In this Guide, we, Fabio Chigi (Asaf Kaya) and Alvise Contarini (Sten Ritterfeld), have
written up the happenings of the war up until now, and what lead up to this conflict.
The Congress of Munster and Osnabrück was held to end both the Thirty Years’ War (16181648) and the Eighty Years’ War (1568-1648). The Thirty Years’ War was a bloody war that
was fought between the Holy Roman Empire (HRE), France, Denmark and Sweden. The
Eighty Years’ War was fought between The Republic of the United Netherlands (hereinafter
The Republic) and Spain.
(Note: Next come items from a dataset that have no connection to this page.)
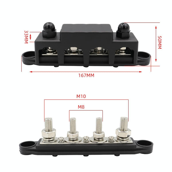CP-4017 M10+M8 Power Distribution Block Terminal Studs with Terminals(Black)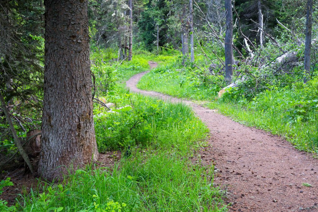 You’ll wind up through the meadows and woods and reach a pair of footbridges that cross a scenic stream. Shortly after you’ll connect with the Crater Trail at 1.25 miles in. Continue straight where you’ll maintain the peaceful pattern of beautiful meadows and old evergreens. It’s also through here that you’ll notice you’re moving away from the creek.
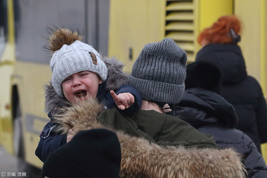 激戦がつづいたイルピン市から、工兵部隊のトラックの荷台に乗せられ、イルピン川まで避難してきた三世代家族。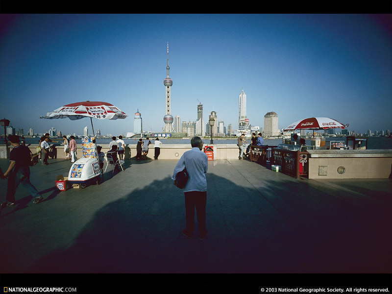 "The Oriental Pearl TV Tower, 1,500 feet [457 meters] tall, soars over the mo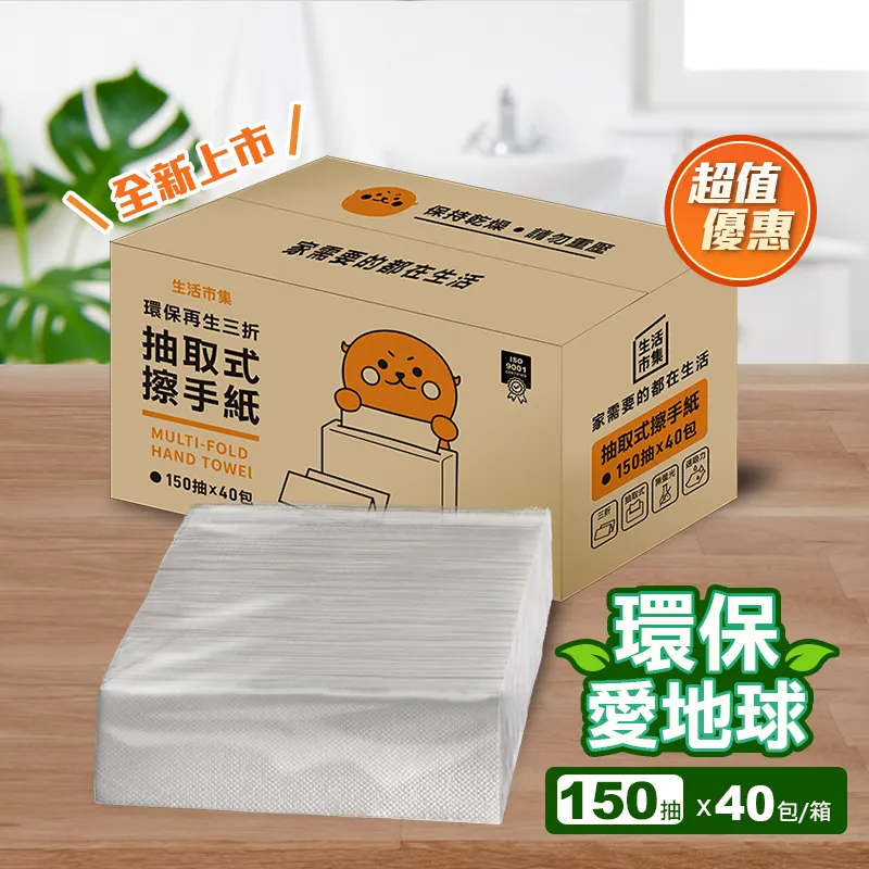 【生活市集】環保再生三折抽取式擦手紙(150抽x40包/箱)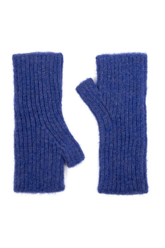 Krótkie, jednokolorowe mitenki o ściągaczowym splocie.

As stated above, we have changed the location of our negotiations
to Maastricht, and it is January, 1648.
The Thirty Years’ War has been one of the bloodiest religious wars in European history so
far, and the peace conference was organized not because one party surrendered and the other
won, but because all parties had exhausted their resources, and fighting the war any longer
was without any purpose.
We will first discuss what triggered the Thirty Years’ War, what its causes are and a short
account of the most important events of the war. Then, we will do the same for the Eighty
Year’s War, and a short overview of what the conference should achieve.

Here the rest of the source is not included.